Data Prep Ops: The Missing Piece of the ML Lifecycle Puzzle
The 2010s will likely be remembered as the decade when 60 years of ML research finally blossomed into a long awaited surge in real-life AI applications. Nonetheless, our delay in standardizing and establishing what we now call the ML lifecycle as an inherent part of the development of ML applications brought us yet again eerily close to another AI Winter.
And still, in spite of a recent boom in better ML Ops tools to make the deployment and management of ML models in production easier, the alarming number of industry leaders complaining about the disappointing ROI of their AI initiatives shows that we are definitely not out of the woods yet. So how come that all those recent trailblazing developments in both hardware and ML research still fail to give us mainstream autonomous driving and so much more? What are we doing wrong?

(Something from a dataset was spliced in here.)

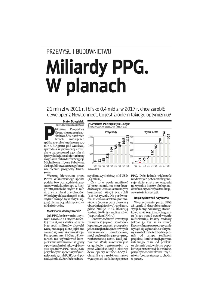 PRZEMYŚL I BUDOWNICTWO Miliardy PPG W planach 21 mln zł w 2011 r. i blisko 0,4 mld zł w 2017 r. chce zarobić deweloper z NewConnect. Co jest źródłem takiego optymizmu? Błażej Dowgielski P blazej.dowgielskilSiparkiet.com PLATTNITM PROPERTIES GROUP PROGNOZA WYNIKÓW (MLN ZL) latinum Properties Group nie przestaje za skakiwać. W ostatnich trzech miesiącach spółka nie tylko kupiła wart 100 mln USD grunt pod Moskwą, sprzedała w prywatnej emisji akcje warte ponad 240 mln zł i pozyskałajako akcjonariuszy rosyjskich miliarderów Sergieja Michajłowa i Igora Babajewa, ale i opublikowała szczegółowe, wieloletnie prognozy finan sowe. Wczoraj kierowana przez Piotra Wiśniewskiego spółka podała, że w 2011 r., dzięki prze szacowaniu kupionego w Rosji gruntu, zarobi na czysto 21 mln zl, przy 11 mln zl przychodów. W kolejnych latach zyski mają szybko rosnąć, by w 2017 r. się gnąć niemal 0 4 mld zl przy 1,05 mld zl obrotów. Moskwianie dadzą zarobić? Jak PPG, które w minionym roku zarobiło na czysto nieca łe 3 mln zl, ma za kilka lat zara biać setki milionów złotych? Kurą znoszącą złote jajka ma okazać się rosyjska inwestycja. Przypomnijmy, PPG na 98 hek tarach ma wybudować kom pleks mieszkaniowo-uslugowy o powierzchni użytkowej 600700 tys. mkw. PPG szacuje, że przychody ze sprzedaży wynio są łącznie 1,7 mld USD, czyli po nad 4,8 mld zł. Zarobek na inwe- Przychody Wynik netto 5 10 '11 '12 '13 '14 '15 '14 '17 '« '10 "11 '12 13 'H 15 1 * 17 IB :KJ 'M'J stycji ma wynieść 0,5 mld USD (14mld zł). Czy to w ogóle możliwe? W przeliczeniu na metr kwa dratowy mieszkania musiałyby kosztować 68-78 tys. rubli (6,8-7,8 tys. zł). Dla porówna nia, mieszkaniawtzw. podmoskowiu (obszar poza pierwszą obwodnicą Moskwy), czyli tam, gdzie buduje PPG, kosztują średnio 76-84 tys. rubli za mkw. (za portalem IRN.ru). Rentowność netto inwestycji ma wynieść 30 proc. Dom Deve lopment, w czasach prosperity jeden z najbardziej rentownych warszawskich deweloperów, mógł pochwalić się 20-25-proc. rentownością netto. Dziś jed nak nad Wisłą sukcesem jest osiągnięcie rentowności 15 proc. Z kolei w Rosji niektórzy deweloperzy w 2006-2007 r. chwalili się zarobkiem nawet wyższym od zakładanego przez PPG. Dziś jednak większość niedawnych potentatów gene ruje duże straty ze względu na wysokie koszty obsługi za dłużenia czy odpisy aktualizują ce wartość inwestycji. Rosja zyskowna i ryzykowna Wypracowanie przez PPG aż 14 mld zł zł zarobku na inwe stycji, biorąc pod uwagę stosun kowo niski koszt nabycia grun tu (nieco ponad 400 zł w cenie mieszkania), koszty budowy (około 3,4 tys. zł za mkw.) i koszty finansowe teoretycznie wydaje się wykonalne. Faktycz ny zarobek zależeć będzie jed nak od tempa realizacji projektu, konkurencji, popytu, zależnego m.in. od polityki wspierania budownictwa popu larnego przez rosyjskie władze, przychylności banków i urzęd ników (co zresztą często chodzi w parze).
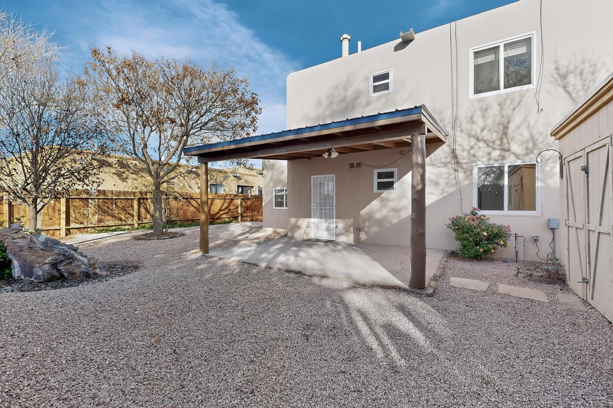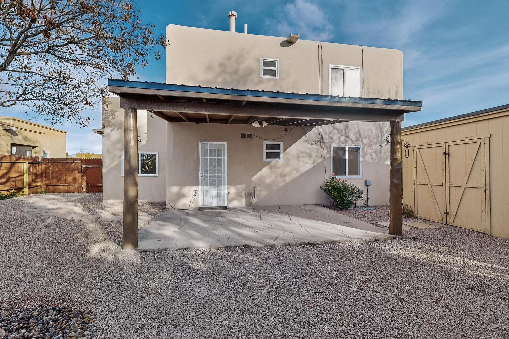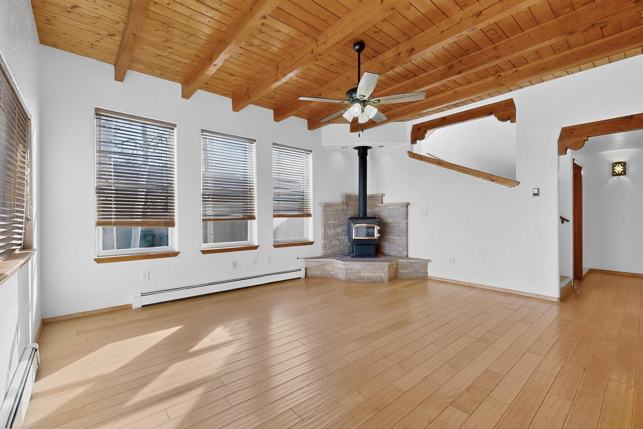 This home is filled with abundant natural light, creating a warm and inviting atmosphere throughout, making it a truly exceptional place you'll want to call your own. This property features 3 bedrooms PLUS an office. 2 full bathrooms, each with custom cabinets, beautifully tiled bathtubs and granite countertops. The living room boasts a cozy wood stove and high beamed tongue-and-groove ceilings, adding Santa Fe charm to the home. Retreat to the main bedroom suite, which offers its own fireplace and a private balcony with a mountain top view--ideal for unwinding after a long day. The kitchen is complete with a brand-new gas stove/oven, custom-made cabinets, granite countertops and tile backsplash. Step outside to enjoy the fully landscaped front and back yards, featuring tranquil water fountains and mature landscaping maintained with drip irrigation. The backyard also includes a flagstone covered portal, perfect for outdoor entertaining and relaxation. Home includes a one car finished garage, large storage shed and a laundry room with a large basin sink and ample upper cabinets. Tiled and wood flooring adds the extra touch.Don't miss the opportunity to make this exceptional property your new home!

In her talk, Jennifer will dig into how the deficit of attention from experts to one of the most critical areas of the ML lifecycle – that of data collection and preparation – is the likely cause for a still highly dysfunctional ML lifecycle. According to her, while general wisdom acknowledges that high quality training data is necessary to build better models, the lack of a formal definition of what constitutes a good dataset – or rather, the right dataset for the task – is the main bottleneck impeding the universal adoption of AI. She will explain how the concept of what she calls, “Data Prep Ops‚” can change the game, and how to better incorporate concepts such as active learning, human-in-the-loop ML and strategic data collection as integral parts of the ML lifecycle.